1946 was a good year.  Suddenly, I was in the arms of a beautiful women, surrounded by even more women, just waiting to hold me in their arms (Grandma was probably there and I'm sure Midland County Hospital had some very nice nurses).  Of course this is all speculation because I don't remember any of it, but perhaps the ups and downs of this life are the result of a pursuit to continue things the way they must have started.

 

Regardless of the way it happened, I hope to leave this life at least as well as I came into it.

 

As you might expect, there isn't much to remember at the beginning, but I do remember a few things about my early childhood.  For some reason though, the scoldings and spankings seem to stand out more than the more pleasant memories.  I suspect that childhood traumas, both small and large, have a way of sticking in your head.  One of the first memories is when grandma scolded me for eating the earthworms that lived in the dark black dirt under the porch.  I remember the scolding but, unfortunately, not how delicious the worms must have been.

 

Well, maybe I'm getting ahead of myself and should say a little about how I got from the hospital to that dark dirt underneath Grandma's porch.

 

My Dad grew up in Bannister, Michigan and Mom grew up in Lansing .  They married in 1945 after Dad was discharged from the Army Air Corp.
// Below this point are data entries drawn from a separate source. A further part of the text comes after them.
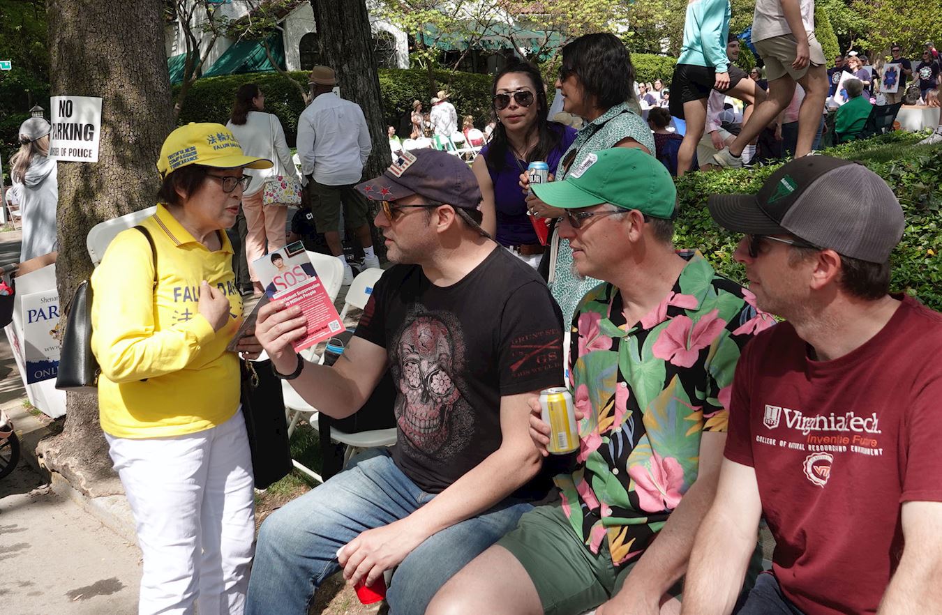 图7~9:法轮功学员向沿途的民众讲述着自己亲身遭受中共迫害的经历。
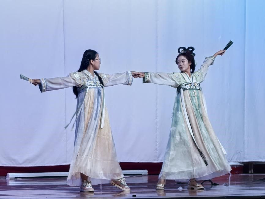 悠扬的古风乐曲响起,杜欣颖、李梦寒同学为大家带来舞蹈《寄明月》。折扇在演员们手中纷飞起舞,一颦一笑、眼波流转间尽显风采,如诗如画,美不胜收。
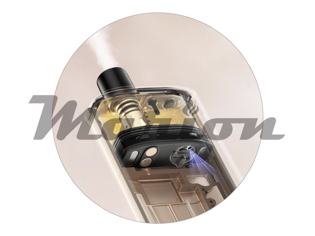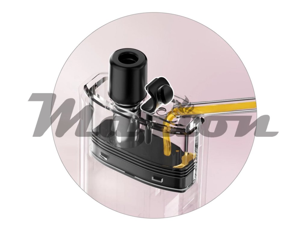 Ve vrchní části se nachází praktický výřez, který slouží pro rychlé zjištění stavu náplně uvnitř cartridge. Ušetříte si tak starost s vyjmutím cartridge z těla pokaždé, když se zrovna chcete ujistit, zda máte dostatek e-liquidu uvnitř. Nyní postačí jeden jediný pohled na průzor a ihned víte, zda je potřeba e-liquid doplnit nebo zda můžete nadále v klidu vapovat.
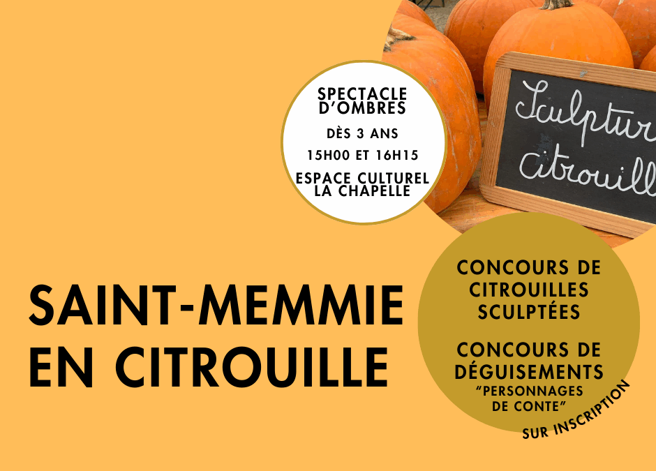 Saint-Memmie en Citrouille vous donne rendez-vous dimanche 12 octobre à partir de 15h00 dans le jardin de l’Hôtel de Ville pour un après-midi festif, familiale et haut en couleurs !
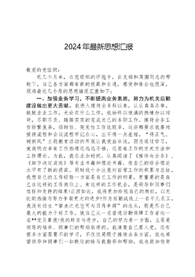 2024年最新思想汇报敬爱的党组织:近几个月来,在党组织的怀抱中,在支部和周围同志的帮助下,自己各方面都有新的提高和长进,感受和体会也很深。现将最近几个月的思想情况汇报如下:一、加强业务学习,不断提高业务素质,努力为机关后勤建设做出更大贡献。我进入接待会务科以来,认认真真办事,兢兢业业工作,无论在什么工作,我始终以饱满的热情加以对待,尽职尽责、踏踏实实的完成自己的本职工作。接待会务工作纷繁复杂,临时性、突发性工作比较多,这些都要求我要对接待流程和会议流程牢记在心,出不得一点差错。将正气、树新风主题教育活动的开展让我受益非浅,因为通过学习,使我明白单有工作热情还远远不够,还要有工作的方式方法和工作理论。为此,我在业余时间,认真阅读了《接待与会务》、《细节决定成败》等专业书籍和理论书籍,使自己的综合理论水平有了新的提高。同时我十分注意对日常工作的积累与总结,我想自己的工作经验一方面是自己工作的积累,更重要的是自己在这样的工作岗位上、有这样的工作机会,是领导和同事们信任和支持的结果!正因如此,我将更加珍视自己的岗位,以无比的热情与努力争取更大的进步!作为后勤战线上一名平凡员工,我没有衍生萤虫之光岂可与日月争辉的念头,而是尽自己最大的能力干好工作,使自己从一名普通后勤保障工作者向一名**党员靠拢!我的转变与进步,自己的努力是一方面,主要是领导的培养、同事们的帮助取得的。我清楚自己要入党,还有很多方面需要不断学习,不仅仅局限于接待会务方面,我也希望领导和同事们一如既往的给与我指导和帮助,我也将加倍努力,争取更大的二、工作中,严以律己,宽以待人,向身边的党员模范学习,起相应模范带头作用。一直以来,我在平时工作中,始终严格要求自己,模范遵守单位的各项规章制度,时刻严格要求自己,有条不紊地做好各项工作,努力起的表率作用,协助大家开展各项工作。生活上,我虽然年龄不是很大,但我保持我是一名员的心态在生活中关心同事们的点点滴滴,让他们觉得党员的榜样和光辉时刻在身边。同时,我还积极向身边党员靠拢,学他们的精神实质,做到在工作中克服浮躁心态,珍惜自己的岗位,牢固树立为后勤保障事业无私奉献的精神,把个人的追求融入到后勤保障事业之中,把自己所在岗位的每一件事做好、做到位,这是我最对工作的最低标准。我认真坚持学习制度,积极参加各项学习,以两个《条例》的学习为契机,深入领会《条例》的精神,在政治思想觉悟和对党的认识上均得到了进一步提高。通过系列的学习与批评和自我批评活动,我的思想得到了净化,工作的责任心得到了加强。三、缺点与不足通过自己查,同事帮、领导点,我认识到自己在工作中还存在很多的不足与缺点,通过缺点定措施,有助于我在今后工作中更好的开展工作。我的缺点与不足自己总结有以下几点:1、政治理论学习深度不够,缺乏深厚的理论功底和素养。2、在工作过程中,缺乏创新的主动性,今后我应加强学习不断提高自己的管理水平,工作中不断总结经验。3、与同事交流少,关心同事不够。具体表现:和同事们的联系不够,缺乏交流;工作中对同事们的关心不够;业务知识不够精通,钻研不够。我这方面的缺点,同志们曾给我指出过,所以我还需进一步努力改进。回顾这一段时间的工作,我基本完成了本职工作,这与领导的支持和同事们的帮助是分不开的,以上是我这一季度思想、工作方面情况的总结,不全面和不准确的地方,请批评、指正。这就是我近几个月的思想情况,如有错误或认识不够深刻的地方,请党组织给予指正。文可居文库——海量学习资料,手机电脑均可下载www.wenkeju.com此致敬礼 汇报人:年月日文可居文库——海量学习资料,手机电脑均可下载www.wenkeju.com

In the Army, he was the engineer and top turret gunner on a B-17 bomber.  After being shot down over France and spending the better part of a year as a Prisoner-Of-War, he spent his last few months of his time in service recovering from severe stomach ailments in a Michigan Army hospital before he was discharged. 

 

Mom and Dad were married in September of 1945 and I arrived in July of '46.  

 

 

 

 

A few months after my brother Roger was born in February of '48, we moved to Tulsa for a little more than year while Dad attended the Spartan School of Aeronautics on the GI Bill.

 

I have a very few vague memories of Tulsa .  Again, mostly traumatic events.  I remember my first ride in an airplane.  One of Dad's school buddies had a Piper Cub and he took me up.  The ride was very short because I was so scared, I cried the whole time and the pilot returned to earth quickly to calm me down.

 

I remember my Dad and his friends making and flying big box kites in a strong Oklahoma wind.

 

I also remember getting my mouth washed out with soap.  Mom says that I would sometimes bite other kids when I didn't get my way so that was her solution.  I don't remember the biting parts of my life but I sure do remember the soap-in-the-mouth parts.

 

I may remember some other things about the trailer park we lived in, but it could be only memories from looking at the black and white pictures Mom has kept.  Some photos are of several trailers that were overturned by a tornado.  I guess we were lucky that ours wasn't one of them.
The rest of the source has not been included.